** SUPPLIED RECORDS **
== Segment start ==

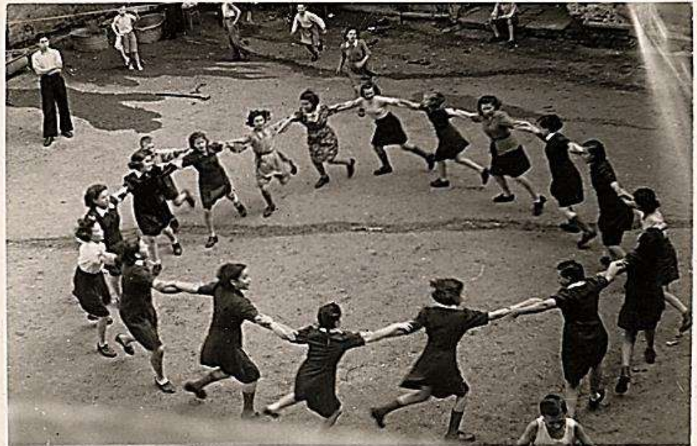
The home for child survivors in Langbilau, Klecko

== Segment end ==
== Segment start ==

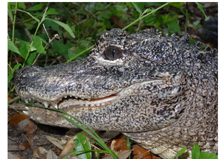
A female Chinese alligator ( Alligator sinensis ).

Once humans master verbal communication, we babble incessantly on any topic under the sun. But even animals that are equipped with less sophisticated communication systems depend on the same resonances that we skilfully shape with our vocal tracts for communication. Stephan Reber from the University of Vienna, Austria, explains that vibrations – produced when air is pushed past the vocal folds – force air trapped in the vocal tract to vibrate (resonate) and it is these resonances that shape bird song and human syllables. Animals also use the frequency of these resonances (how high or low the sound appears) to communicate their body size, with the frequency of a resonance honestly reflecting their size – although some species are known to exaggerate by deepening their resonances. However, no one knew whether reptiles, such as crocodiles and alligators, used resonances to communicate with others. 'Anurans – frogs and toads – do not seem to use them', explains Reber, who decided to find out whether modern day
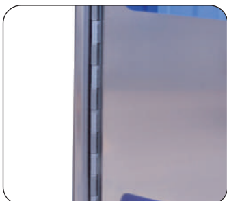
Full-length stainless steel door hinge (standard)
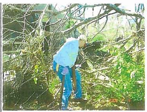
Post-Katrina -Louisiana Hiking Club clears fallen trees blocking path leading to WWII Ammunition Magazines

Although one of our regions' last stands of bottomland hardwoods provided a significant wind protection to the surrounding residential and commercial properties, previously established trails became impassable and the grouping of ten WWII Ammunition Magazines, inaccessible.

== Segment end ==
== Segment start ==

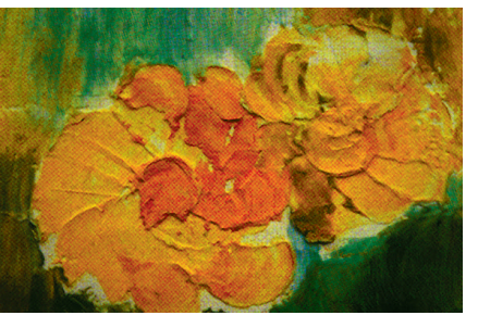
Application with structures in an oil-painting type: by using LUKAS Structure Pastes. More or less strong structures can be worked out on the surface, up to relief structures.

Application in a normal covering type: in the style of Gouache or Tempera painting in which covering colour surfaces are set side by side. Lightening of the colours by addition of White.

== Segment end ==

** EXERCISE DIRECTIONS **
How many of the lines above include the string "type"? Reply with the number by itself.

** PROBLEM SOLUTION **
2